[[ PROVIDED RECORDS, beginning ]]
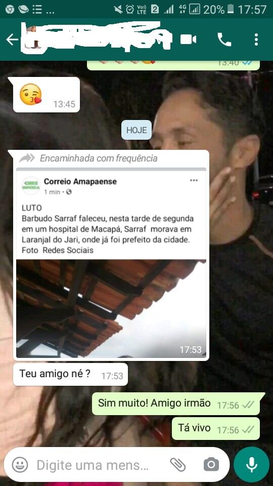 Notícias sem as devidas confirmações de sua veracidade por portais e blog, ditos “jornalísticos”, continuam a espalhar informações sem as devidas confirmações. Hoje, foi postado uma notícia assustadora para a sociedade amapaense, principalmente para os laranjalense e para os familiares de ex- prefeito de Laranjal do Jari, Barbudo Sarraf tinha falecido devido a Covid-19.
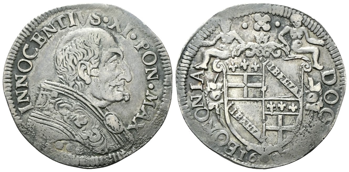 Dr. INNOCENTIVS •XI •PON •MAX. Busto a d., con piviale e mozzetta decorata. Rv. BONONIA - • ✿ • - DOCET. Armetta di Bologna inquartata con due figure sedute sulla cimasa; sotto, I6 - 83.
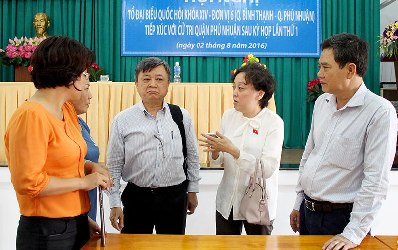 Các ĐBQH đơn vị 6 trao đổi với cử tri quận Phú Nhuận. Ảnh: LÊ THOA
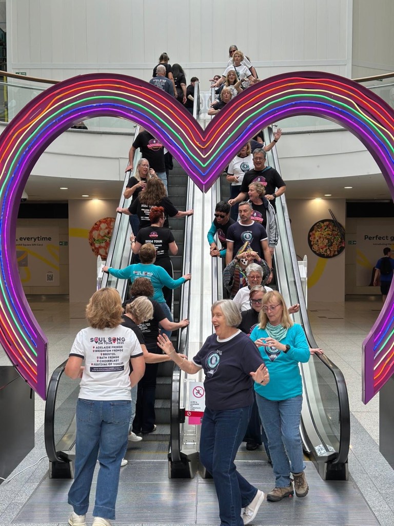 Next stop was a shopping centre. The acoustics were great and again lots of people joined in.
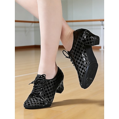 scarpe da ballo professionali da donna in tessuto nero con lacci, tacco basso e blocco, da sala da ballo &scarpe da allenamento latino per l'allenamento in studio
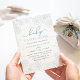 Brr! Bei den frostigen, schicken Einladungen für die Winterbabyduschen findet man hellgraue Schneeflocken-Silhouetten mit "baby it's kalt outdoor" in blauen und grauen Schriftzeichen. Stellen Sie sich mit Ihrem Baby Duschdetails unter Verwendung der Vorlagenfelder ein. Die Karten werden in Vollblau umgeschaltet.
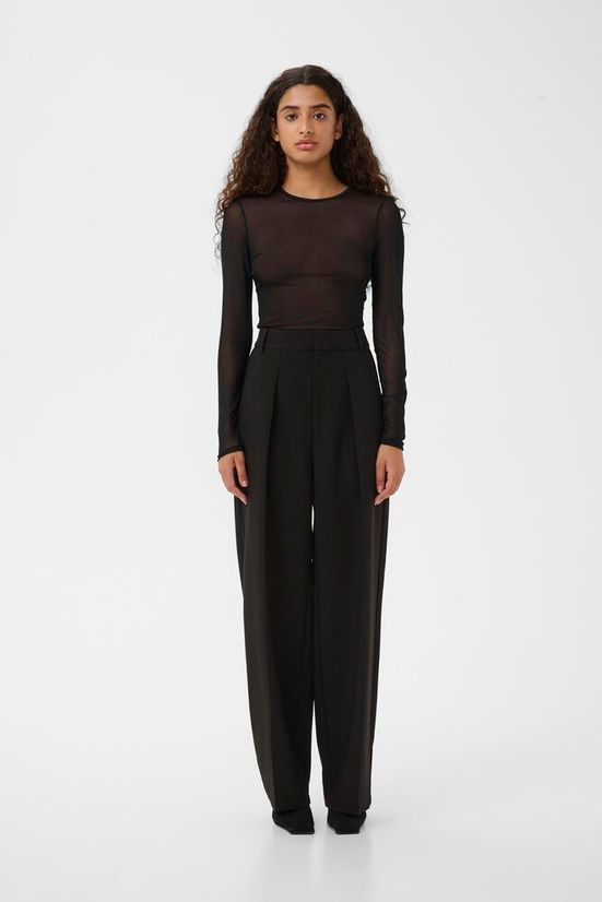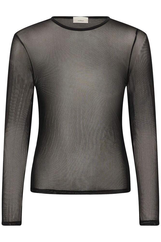 En elegant og lett topp i transparent materiale, perfekt for lag-på-lag. Den enkle silhuetten gjør den allsidig – bruk den under en svart blazer for et sofistikert og moderne uttrykk.
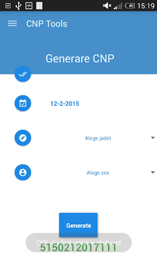 Ca si proof-of-concept a fost implementata si optiunea de generare a unui CNP.
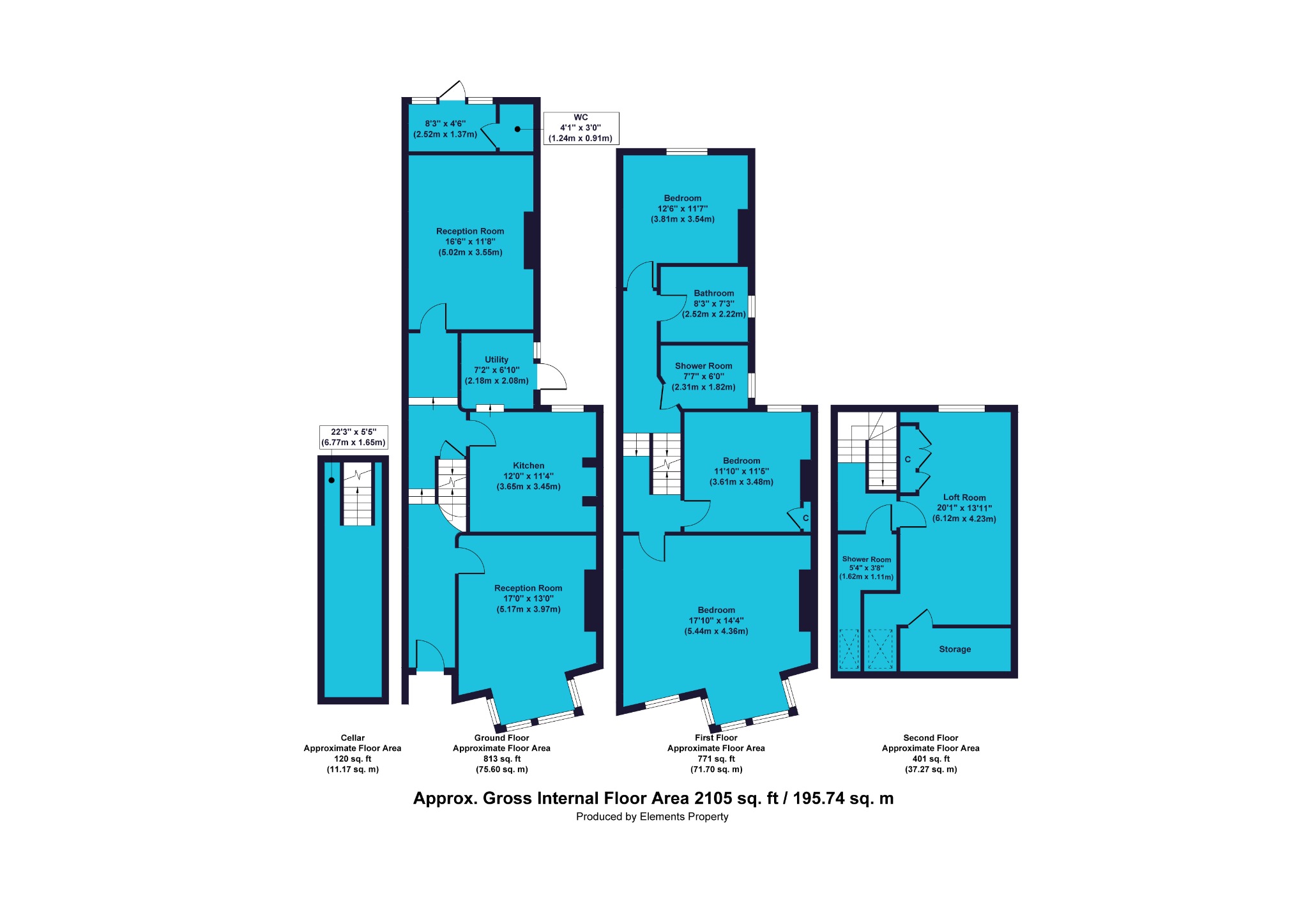 Let’s return through the ground floor to the hallway and up the stairs to the large split level landing which includes the cleverly integrated stairs to the second floor loft conversion. The landing continues the theme of the hallway with stripped floorboards and wood trim, along with duck egg blue walls.
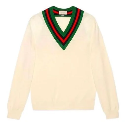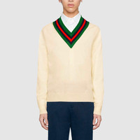 Crafted from white knit wool, the V-neck sweater features a green, blue and red trim profiling the neckline. The preppy influence, a style that can be traced back to the Ivy League schools in the Northeast United States, continues to characterize the Gucci narrative. - White knit wool - Green, blue and red trim - V-neck - Rib trims - Length: 25.5" based on a size small - Made in Italy - The model is 6'2" and is wearing size small
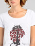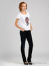 Очаровательная трикотажная футболка белого цвета из приятного на ощупь материала. Широкая круглая горловина. Короткие рукава. Забавные бархатистый принт на полочке.
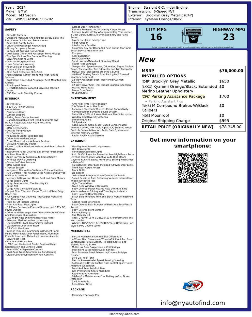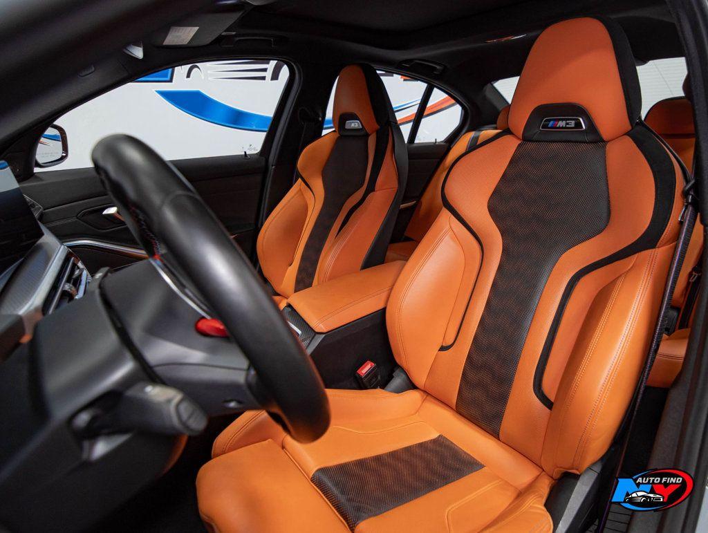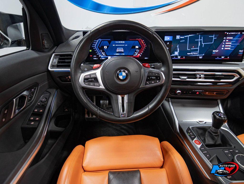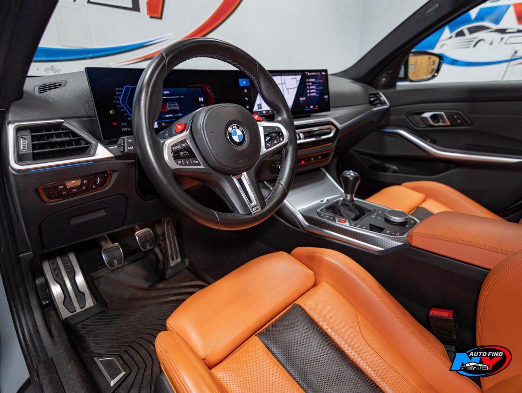 Take a look at this Brooklyn Grey Metallic 2024 BMW M3 Sedan with Kyalami Orange/Black Leather Interior, a Clean Carfax, only One Owner and only 18,086 miles. This car is for people who like the best of the best and accept nothing less. This car is simply breathtaking both inside and out. It also has a super clean history with only one previous owner. As if that wasn't already impressive enough, this car also has super low mileage and a ton of great optional features. It is an amazing machine that was treated with the utmost care by its one and only previous owner. It is a car for the record books so do not hesitate to call us now. It comes equipped with a 3.0L Straight 6-cylinder Engine paired to a 6-speed Manual Transmission, Sunroof, Navigation, Backup Camera, Blind Spot Detection, Lane Departure Warning, Lumbar Support, Apple CarPlay and Android Auto Compatibility, Navigation System (with Voice Activation), Parking Assistance Package (with Parking Assistant Plus), Sport Leather Steering Wheel, M Compound Brakes with Black Calipers, Merino Leather Upholstery, Heated Front Seats, M Sport Seats, Enhanced Bluetooth Wireless Phone Connectivity, Harman Kardon Surround Sound System, 16 Speakers, Wireless Device Charging, Cruise Control, Steering Wheel Controls, AM/FM Radio, Power Windows, Power Locks, Air Conditioning and so much more. Every NY Auto Find vehicle comes with a complimentary Limited Warranty and a Carfax Vehicle Report. Our vehicles are priced to sell quickly. Please call to check availability and schedule an appointment. -
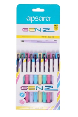 Apsara Genz Ball Pen | Smooth & Long Writing & Comfortable Grip | Attractive Body Colures & Look | Ink Blue- 0.7 MM Tip | 10 Pcs Pack
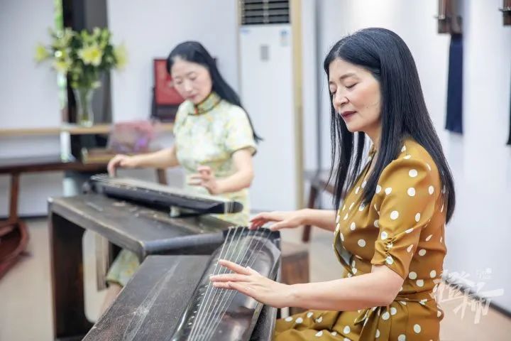 现在,霞影琴馆几乎每周有两个下午要去浙江省博物馆参与古琴公益演出,章怡青还推出了“琴至——古琴音乐进校园”系列活动、“宋韵琴声进万家”古琴音乐进企业、社区等系列活动,成立了章怡青浙派古琴传习馆,常态化举行赏析、讲座、传习等活动。
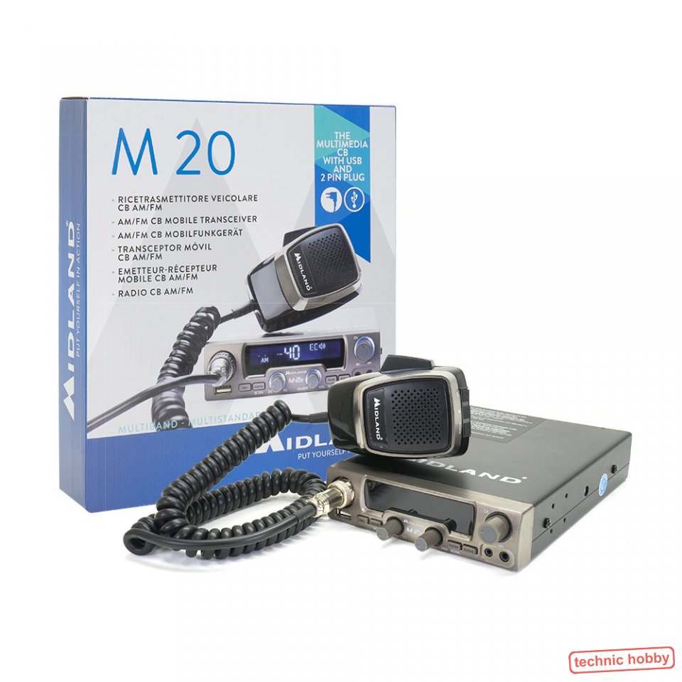 Das Midland M-20 CB-Funkgerät kommt als zweites Modell der neuen Midland M-Serie im frischen High-Tech-Design in kompakter Form daher und bietet als Novum eine Doppelbuchse für den Multimedia-Einsatz im Fahrzeug.
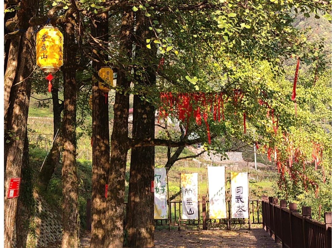 ②可沿“營盤山游客中心→海棠客棧/營盤山莊→靈龜望泉→木橋棧道→瀑布群(飛升瀑、雙棲瀑、云霄仙子瀑布)”游覽,沿途可經餐飲中心、茶山、桃園等點位,按需休整。
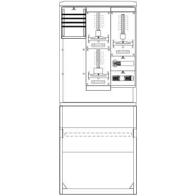 2CPX043773R9999 ABB: Meter board, series SZ, fully assembled cabinet, for the Outdoor, degree of protection IP44, rated current 63 A, other, in RAL 7035, enclosure out of Plastic, single-leaf door, with Swivel handle with half cylinder, door hinge right, rear wall out of Plastic, dimensions in mm (H x W x D): 1966 x 785 x 320, Metering module pre-wired, Number of meter spaces single tariff 2, Number of SG spaces 1
[[ PROVIDED RECORDS, end ]]
DIRECTIONS:
Starting with the first line of the records above and stopping after the line containing "Brr! Bei den", repeat every line exactly and leave out the pictures.

THE ANSWER:
 Notícias sem as devidas confirmações de sua veracidade por portais e blog, ditos “jornalísticos”, continuam a espalhar informações sem as devidas confirmações. Hoje, foi postado uma notícia assustadora para a sociedade amapaense, principalmente para os laranjalense e para os familiares de ex- prefeito de Laranjal do Jari, Barbudo Sarraf tinha falecido devido a Covid-19.
 Dr. INNOCENTIVS •XI •PON •MAX. Busto a d., con piviale e mozzetta decorata. Rv. BONONIA - • ✿ • - DOCET. Armetta di Bologna inquartata con due figure sedute sulla cimasa; sotto, I6 - 83.
 Các ĐBQH đơn vị 6 trao đổi với cử tri quận Phú Nhuận. Ảnh: LÊ THOA
 Next stop was a shopping centre. The acoustics were great and again lots of people joined in.
 scarpe da ballo professionali da donna in tessuto nero con lacci, tacco basso e blocco, da sala da ballo &scarpe da allenamento latino per l'allenamento in studio
 Brr! Bei den frostigen, schicken Einladungen für die Winterbabyduschen findet man hellgraue Schneeflocken-Silhouetten mit "baby it's kalt outdoor" in blauen und grauen Schriftzeichen. Stellen Sie sich mit Ihrem Baby Duschdetails unter Verwendung der Vorlagenfelder ein. Die Karten werden in Vollblau umgeschaltet.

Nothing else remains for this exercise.